Please transcribe exactly, and only, the lines of the data below between the line holding "部分厨师机实际出膜时间与宣传" and the line holding "孕妇装连衣裙简约纯色polo领针织大牌感春夏新款中长款显瘦针织裙", inclusive.

■ EXERCISE DATA ■
:::::

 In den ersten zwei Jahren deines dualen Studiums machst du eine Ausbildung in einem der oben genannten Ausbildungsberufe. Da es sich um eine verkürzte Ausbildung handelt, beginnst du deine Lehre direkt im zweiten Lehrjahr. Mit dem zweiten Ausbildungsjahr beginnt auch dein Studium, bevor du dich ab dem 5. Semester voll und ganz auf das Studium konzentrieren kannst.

:::::

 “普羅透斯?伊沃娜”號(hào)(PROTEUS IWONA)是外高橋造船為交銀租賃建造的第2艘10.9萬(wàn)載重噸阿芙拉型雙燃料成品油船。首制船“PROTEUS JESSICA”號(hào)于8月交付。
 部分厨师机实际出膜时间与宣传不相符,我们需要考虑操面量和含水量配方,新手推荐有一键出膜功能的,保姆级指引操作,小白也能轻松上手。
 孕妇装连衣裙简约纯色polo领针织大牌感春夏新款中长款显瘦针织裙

:::::

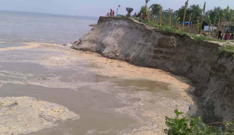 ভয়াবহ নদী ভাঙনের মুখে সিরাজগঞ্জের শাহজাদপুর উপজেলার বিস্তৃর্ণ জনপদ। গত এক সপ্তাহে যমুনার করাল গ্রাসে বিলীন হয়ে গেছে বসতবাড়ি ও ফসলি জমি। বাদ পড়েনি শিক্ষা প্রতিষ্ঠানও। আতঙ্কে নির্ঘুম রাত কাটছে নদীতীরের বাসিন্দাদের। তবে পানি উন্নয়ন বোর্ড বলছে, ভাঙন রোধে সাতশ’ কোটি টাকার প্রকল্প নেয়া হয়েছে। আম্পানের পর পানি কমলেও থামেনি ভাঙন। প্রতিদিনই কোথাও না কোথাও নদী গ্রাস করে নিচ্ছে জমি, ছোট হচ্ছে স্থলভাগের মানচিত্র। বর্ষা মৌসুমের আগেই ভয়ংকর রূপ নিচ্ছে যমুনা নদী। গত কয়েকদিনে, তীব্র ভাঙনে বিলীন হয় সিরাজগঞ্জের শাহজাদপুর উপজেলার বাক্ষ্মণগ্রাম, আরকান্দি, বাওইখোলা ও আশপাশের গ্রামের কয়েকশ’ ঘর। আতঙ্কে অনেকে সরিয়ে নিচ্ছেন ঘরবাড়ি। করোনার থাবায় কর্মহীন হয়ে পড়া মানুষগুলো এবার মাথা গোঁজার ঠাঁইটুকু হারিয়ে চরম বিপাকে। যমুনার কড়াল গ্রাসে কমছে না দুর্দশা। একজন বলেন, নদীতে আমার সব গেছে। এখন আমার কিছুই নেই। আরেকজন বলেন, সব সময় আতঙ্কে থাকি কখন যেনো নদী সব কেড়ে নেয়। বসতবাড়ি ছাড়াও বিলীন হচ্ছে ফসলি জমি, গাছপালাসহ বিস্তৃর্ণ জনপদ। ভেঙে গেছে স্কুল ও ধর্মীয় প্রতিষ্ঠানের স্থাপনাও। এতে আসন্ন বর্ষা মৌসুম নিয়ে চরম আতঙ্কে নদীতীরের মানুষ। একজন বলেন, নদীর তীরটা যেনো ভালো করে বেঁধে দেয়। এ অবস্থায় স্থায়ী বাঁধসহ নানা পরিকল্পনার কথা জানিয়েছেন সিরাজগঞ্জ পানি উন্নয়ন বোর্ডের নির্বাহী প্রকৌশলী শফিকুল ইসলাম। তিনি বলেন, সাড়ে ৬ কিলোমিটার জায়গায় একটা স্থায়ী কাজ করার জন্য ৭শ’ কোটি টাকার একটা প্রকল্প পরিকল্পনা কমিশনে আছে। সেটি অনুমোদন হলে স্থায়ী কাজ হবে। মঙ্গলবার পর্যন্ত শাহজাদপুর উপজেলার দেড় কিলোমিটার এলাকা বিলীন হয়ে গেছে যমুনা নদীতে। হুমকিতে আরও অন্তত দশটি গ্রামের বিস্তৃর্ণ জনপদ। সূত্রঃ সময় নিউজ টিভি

:::::

■ WRITTEN RESPONSE ■
 部分厨师机实际出膜时间与宣传不相符,我们需要考虑操面量和含水量配方,新手推荐有一键出膜功能的,保姆级指引操作,小白也能轻松上手。
 孕妇装连衣裙简约纯色polo领针织大牌感春夏新款中长款显瘦针织裙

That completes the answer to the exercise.